32. A double-stranded ribonucleic acid molecule of claim 31 comprising a sense/antisense sequence pair selected from the group consisting of SEQ ID NOS: 151/152 and 249/250.

33. A double-stranded ribonucleic acid molecule of claim 31 comprising a sense/antisense sequence pair selected from the group consisting of SEQ ID NOS: 261/262, 231/232, and 275/276.

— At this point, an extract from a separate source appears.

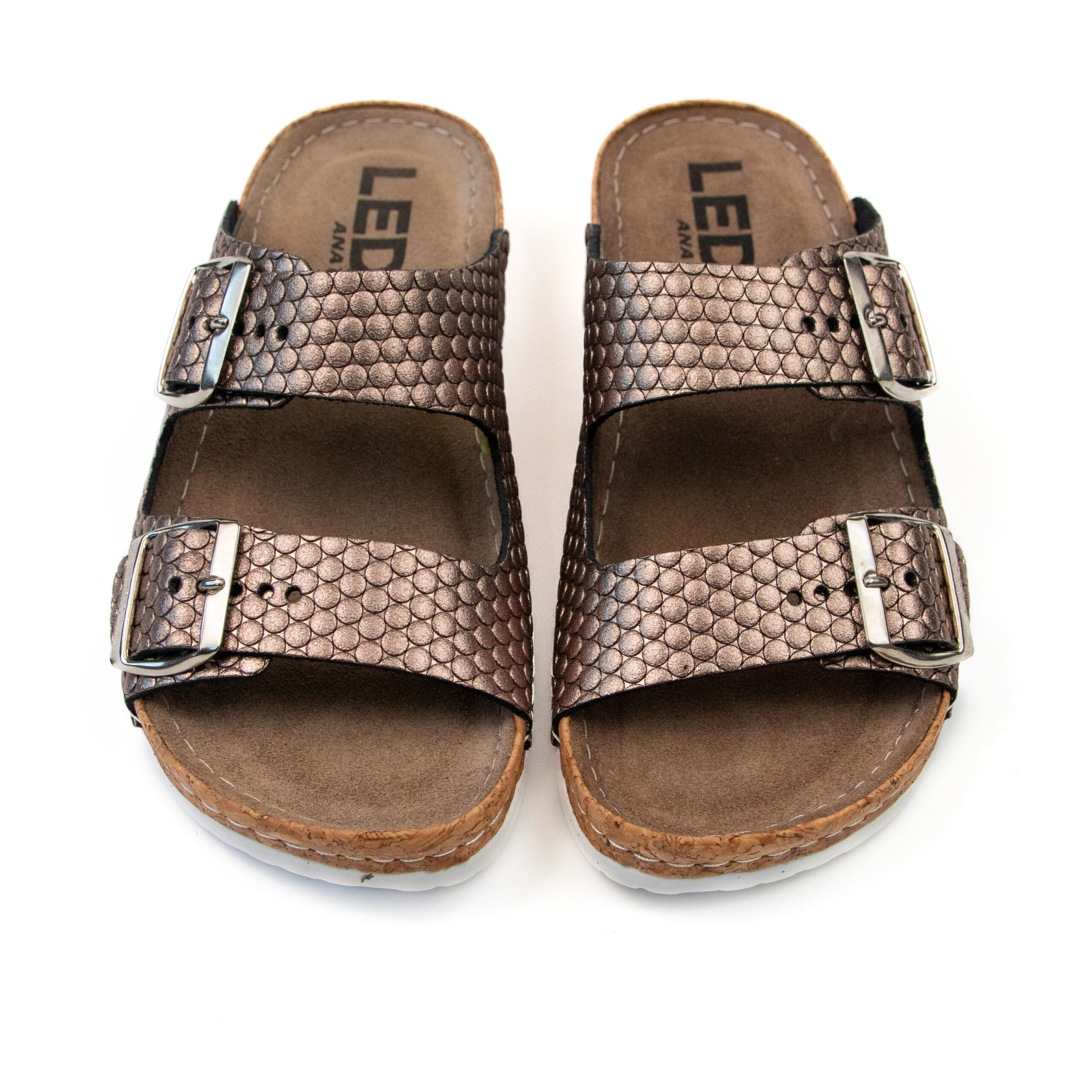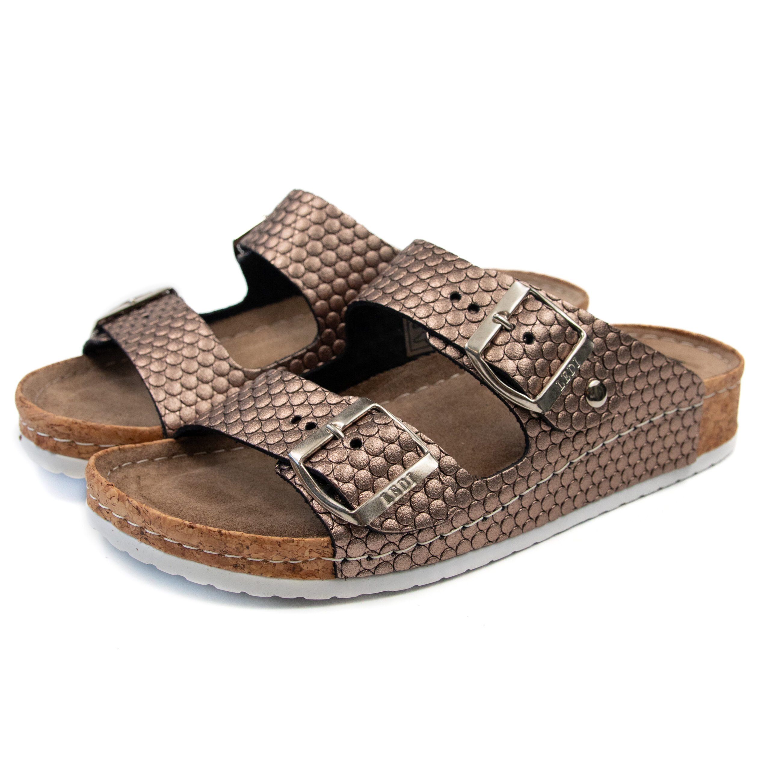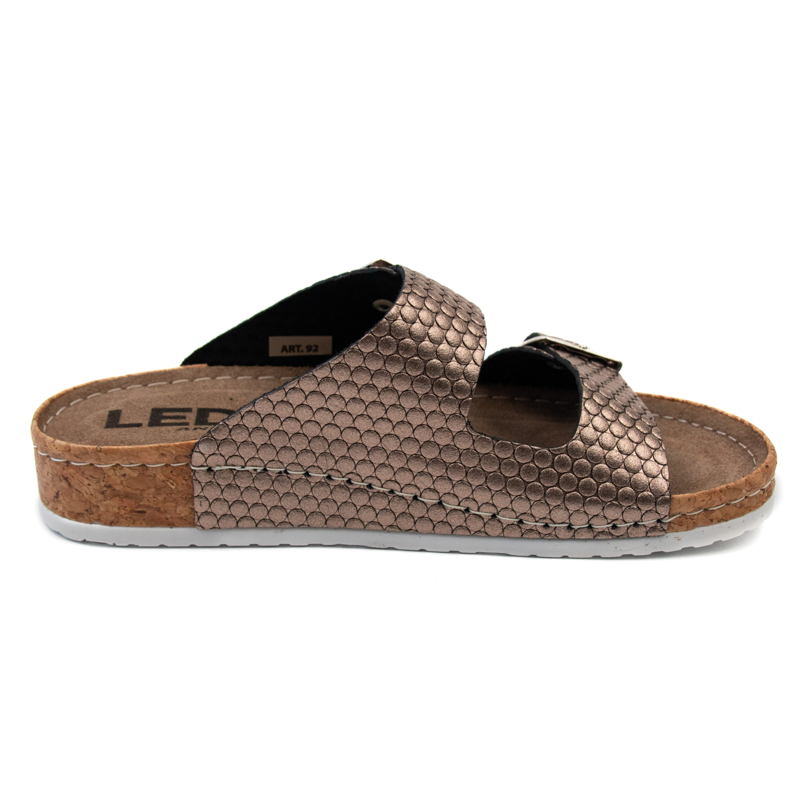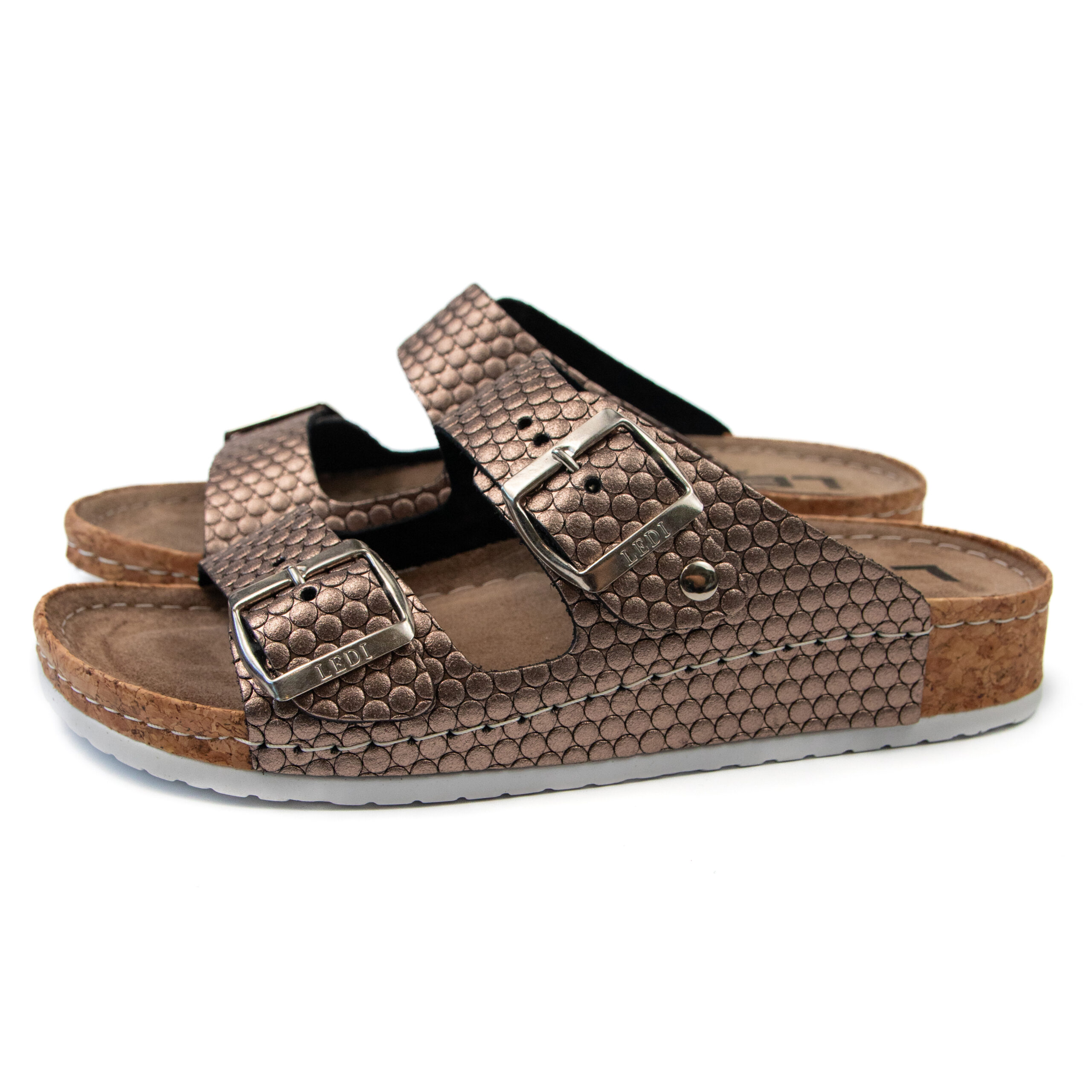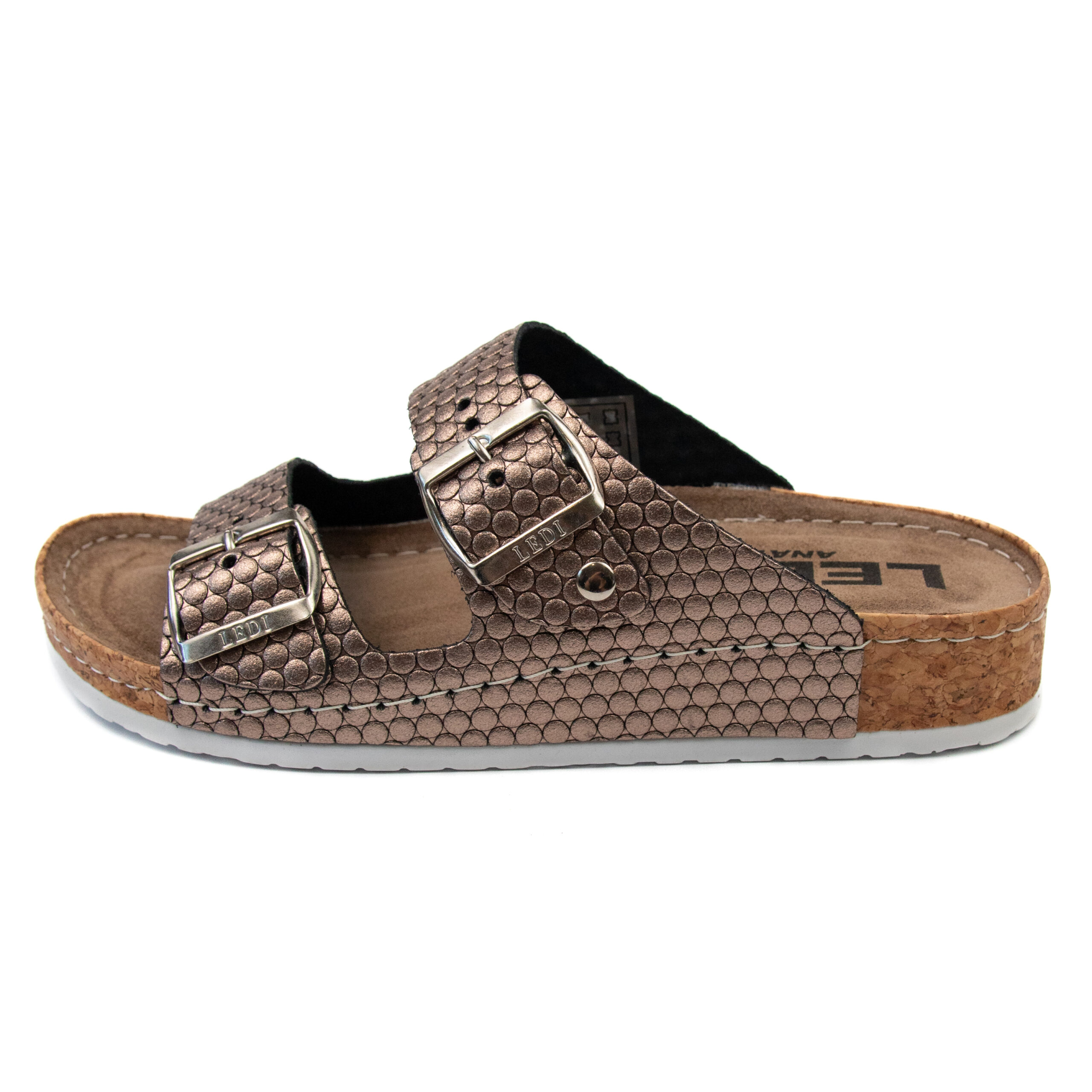 Дамски анатомичен чехъл, релефна естествена кожа, цвят бакър, табанът е средна твърдост - MEDIUM SOFT, на олекотено полиуретаново ходилo с височина 3.5см.

34. A double-stranded ribonucleic acid molecule of claim 31 comprising a sense/antisense sequence pair selected from the group consisting of SEQ ID NOS: 253/254, 211/212, and 265/266.

35. A double-stranded ribonucleic acid molecule of claim 31 comprising a sense/antisense sequence pair selected from the group consisting of SEQ ID NOS: 181/182, 185/186, and 209/210.

36. A double-stranded ribonucleic acid molecule of claim 31 comprising a sense/antisense sequence pair selected from the group consisting of SEQ ID NOS: 299/300, 295/296, 279/280 and 219/220.

37. A cell, tissue or non-human organism comprising the double-stranded ribonucleic acid molecule as defined in claim 25.

38. A cell, tissue or non-human organism comprising the double-stranded ribonucleic acid molecule as defined in claim 31.

39. A pharmaceutical composition comprising the double-stranded ribonucleic acid molecule as defined in claim 25 and a pharmaceutically acceptable carrier, stabilizer or diluent.

40. A pharmaceutical composition comprising the double-stranded ribonucleic acid molecule as defined in claim 31 and a pharmaceutically acceptable carrier, stabilizer or diluent.